简体   繁体   English

在 R 中使用 seqinr package 计算 DNA 序列的碱基

[英]Using seqinr package in R to count bases of an DNA sequence

I have an array which was extracted from a fasta file我有一个从 fasta 文件中提取的数组

> dat
  [1] "t" "a" "t" "t" "t" "a" "c" "c" "g" "a" "c" "g" "a" "a" "a" "t" "t" "a" "a" "t" "a" "c" "c" "a" "t" "c" "a" "g" "g" "g" "t" "a" "t"
  [34] "t" "a" "a" "g" "a" "t" "g" "c" "t" "a" "c" "c" "a" "a" "c" "g" "t" "g" "g" "t" "a" "t" "t" "a" "a" "a" "a" "t" "g" "t" "g" "c" "c"
  [67] "c" "a" "a" "c" "c" "g" "c" "g" "a" "a" "a" "a" "a" "g" "a" "a" "a" "g" "t" "g" "g" "t" "a" "t" "a" "t" "a" "g" "g" "a" "a" "a" "a"
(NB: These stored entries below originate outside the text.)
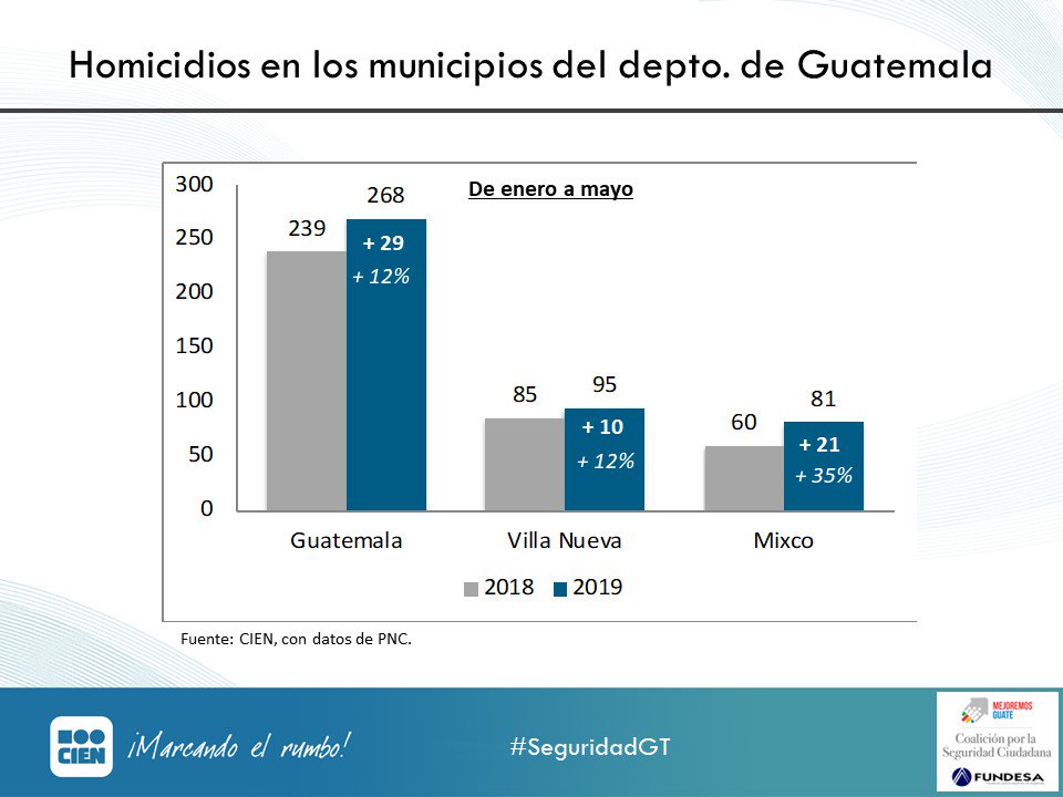 "En Mixco, Villa Nueva y Guatemala suceden 1 de cada 4 homicidios del país. Notamos que este mes han subido en las tres áreas geográficas" indica @walter_menchu en #ALas845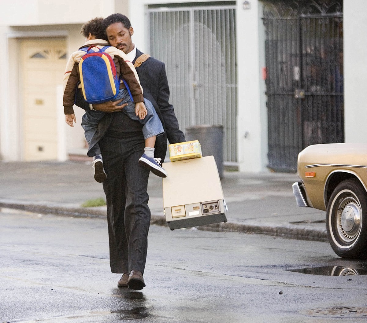 가장 기억에 남는 장면은 크리스가 농구장에서 아들과 대화하는 순간이다. 크리스토퍼가 농구 선수가 되고 싶다고 하자, 크리스는 "너는 나처럼 평범할 거야"라고 말한다가 이내 후회한다. 그는 "다른 사람이 안 된다고 해도 너는 너를 믿어"라고 정정하며 아들을 격려한다. 인턴십 동안 크리스는 뛰어난 성과를 낸다. 그는 고객을 끌어모으고, 동료들 사이에서 두각을 나타낸다. 하지만 생활은 여전히 힘겹다. 어느 날, 쉼터에서 쫓겨난 크리스는 지하철역 화장실에서 하루밤을 보내기 위해 문을 잠갔다. 아들을 품에 안고 발로 문을 막으며 눈물을 삼킨다.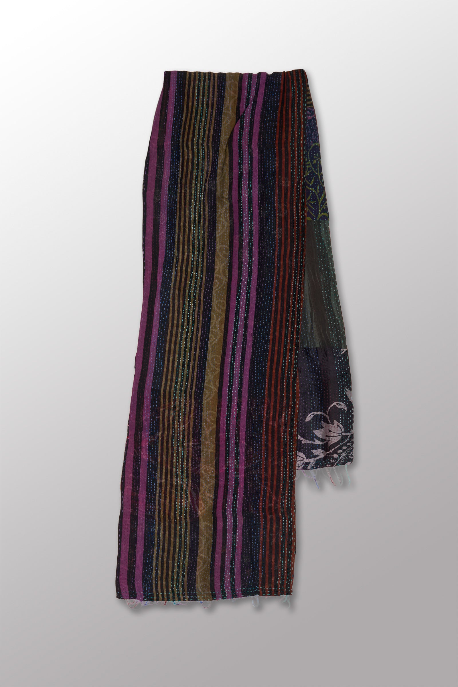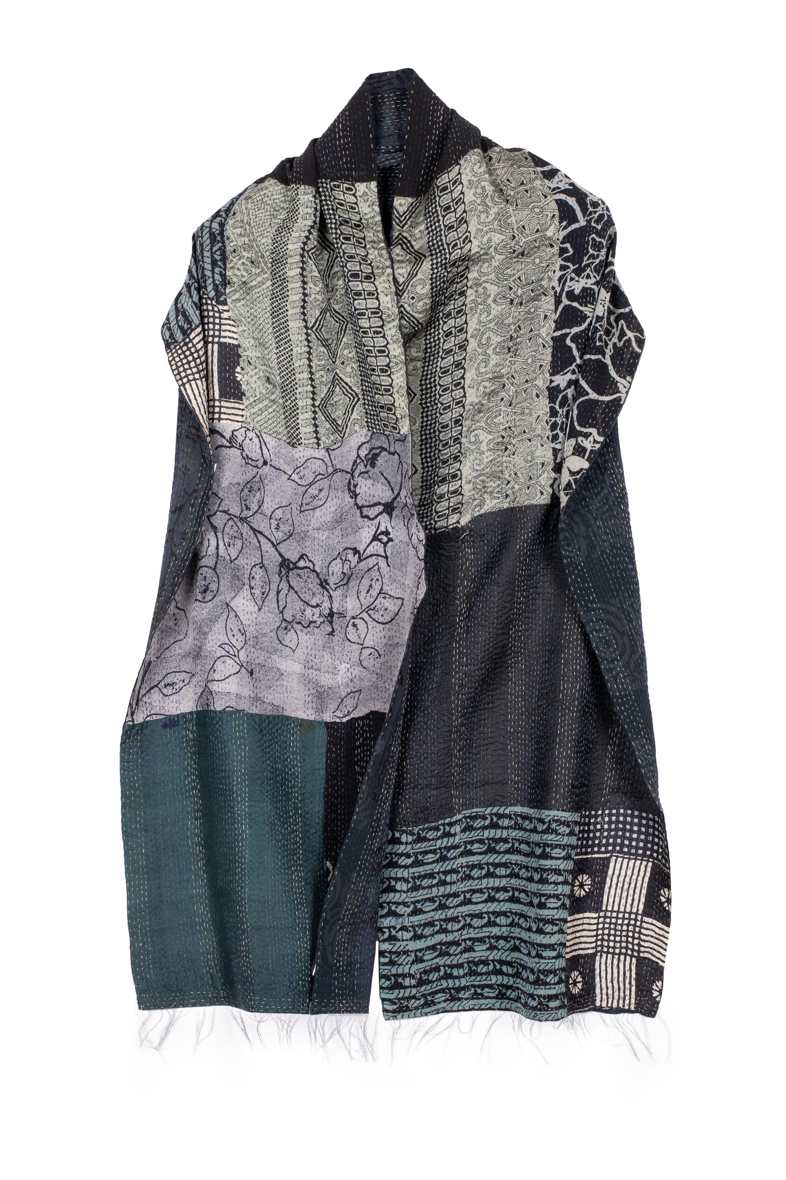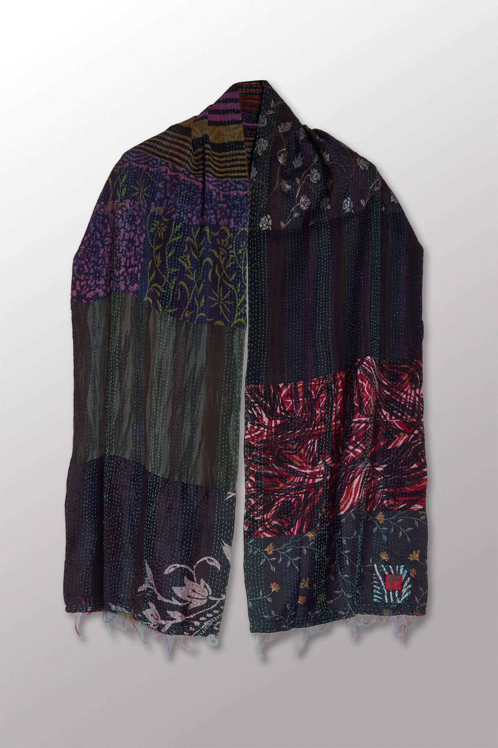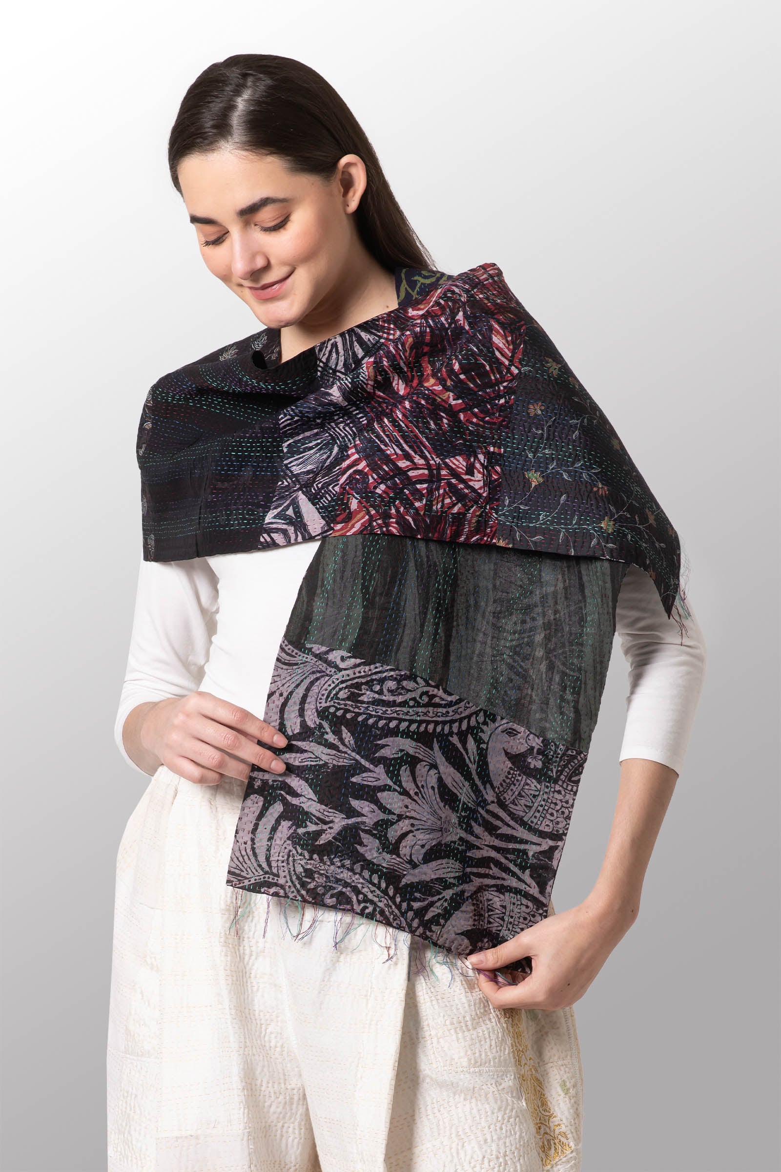 GEORGETTE VINTAGE SILK PATCH KANTHA SCARF SHORT - gs2805-blk -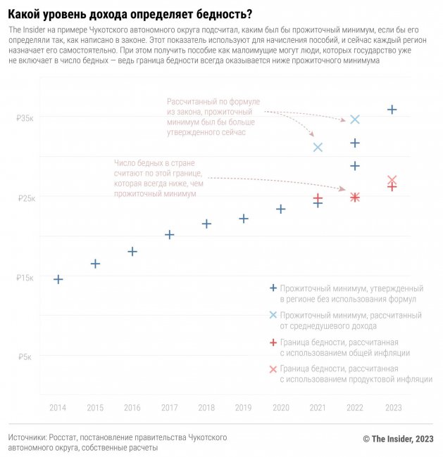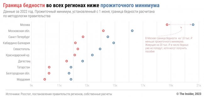 В конце того же 2021 года правительство придумало еще один показатель — «граница бедности». По ней считают число бедных в стране. Это не те бедные, которые могут рассчитывать на выплаты, но те, кого включают в статистику по бедности в России. Вычисляется граница бедности через стоимость той самой минимальной потребительской корзины в IV квартале 2020 года, умноженной на накопленную инфляцию, причем для регионов ее определяют только раз в год. Новый коэффициент позволил отчитаться, что бедных в 2022 году стало еще на 1,7 млн меньше.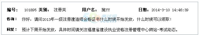 2013年福建一级建造师考试合格证书预计将于2014年3月17日后发放,具体信息可关注福建建设执业资格注册管理中心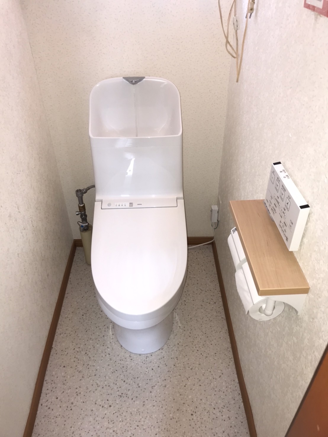 温水洗浄便座はリモコン式がご希望とのこともあり、標準でその機能がついている一体型トイレにて交換作業をしました。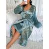 Халат большого размера с женственным принтом из ткани под шелк, Сатиновый шелковый домашний халат-платье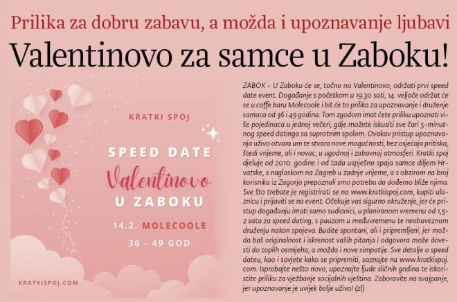 Ukoliko pak još uvijek kraj sebe nemate voljenu osobu, a voljeli biste je pronaći, možda baš za ovo Valentinovo, odvažite se na speed date. Prvi takav event održat će se u Zaboku te je prilika za upoznavanje samaca od 36 do 49 godina.

The sequence is much longer but for that is unimportant I wish to break up the first 100000 characters in this array into intervals of length 1000 and count the number of "g" bases in each interval.序列要长得多,但为此并不重要,我希望将此数组中的前 100000 个字符分解为长度为 1000 的间隔,并计算每个间隔中“g”碱基的数量。 So far I've tried:到目前为止,我已经尝试过:

library(seqinr)
intervals = 1000*(0:99)
g_count = count(dat[intervals+1:intervals+1000], 1)[["g"]]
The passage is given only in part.